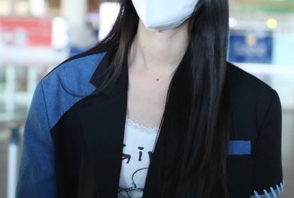 袁冰妍现身机场,身着蓝黑色拼接西装搭配浅蓝色鸭舌帽与牛仔裤,...
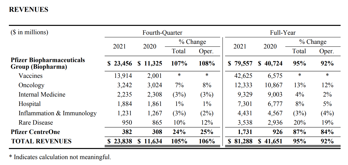 Este desempeño estuvo apalancado principalmente por la vacuna anti COVID-19 que desarrolló en conjunto con BioNTech. La misma, bautizada Comirnaty, le devolvió u$s 36.781 millones frente a los u$s 154 millones que alcanzó en el 2020. Así la vacuna aportó el mayor porcentaje de ventas dentro de su negocio de Vacunas, que en total facturó u$s 42.625 millones, lo que significó más del 100% en comparación con los u$s 6.575 millones reportados en el año anterior.
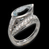 Anello in oro bianco 18kt a serpente con diamanti e acquamarina
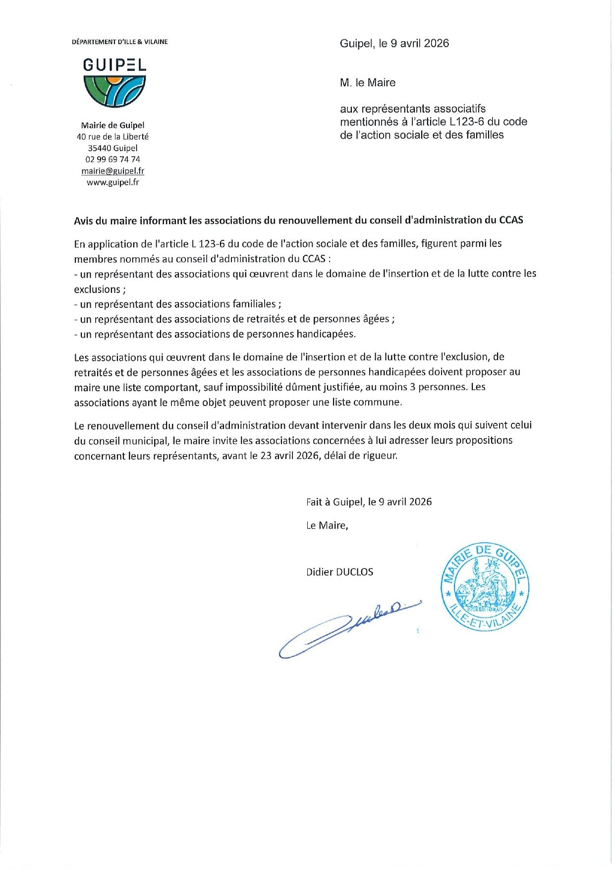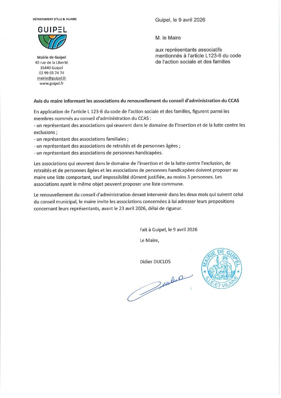 Suite aux élections municipales du 15 mars, le Conseil d'Administration du Centre Communal d'Action Sociale (CCAS) de Guipel se renouvelle !

■ TASK REQUIREMENTS ■
With the pictures omitted, give every line above again exactly.

■ TASK ANSWER ■
 袁冰妍现身机场,身着蓝黑色拼接西装搭配浅蓝色鸭舌帽与牛仔裤,...
 Este desempeño estuvo apalancado principalmente por la vacuna anti COVID-19 que desarrolló en conjunto con BioNTech. La misma, bautizada Comirnaty, le devolvió u$s 36.781 millones frente a los u$s 154 millones que alcanzó en el 2020. Así la vacuna aportó el mayor porcentaje de ventas dentro de su negocio de Vacunas, que en total facturó u$s 42.625 millones, lo que significó más del 100% en comparación con los u$s 6.575 millones reportados en el año anterior.
 Anello in oro bianco 18kt a serpente con diamanti e acquamarina
 Suite aux élections municipales du 15 mars, le Conseil d'Administration du Centre Communal d'Action Sociale (CCAS) de Guipel se renouvelle !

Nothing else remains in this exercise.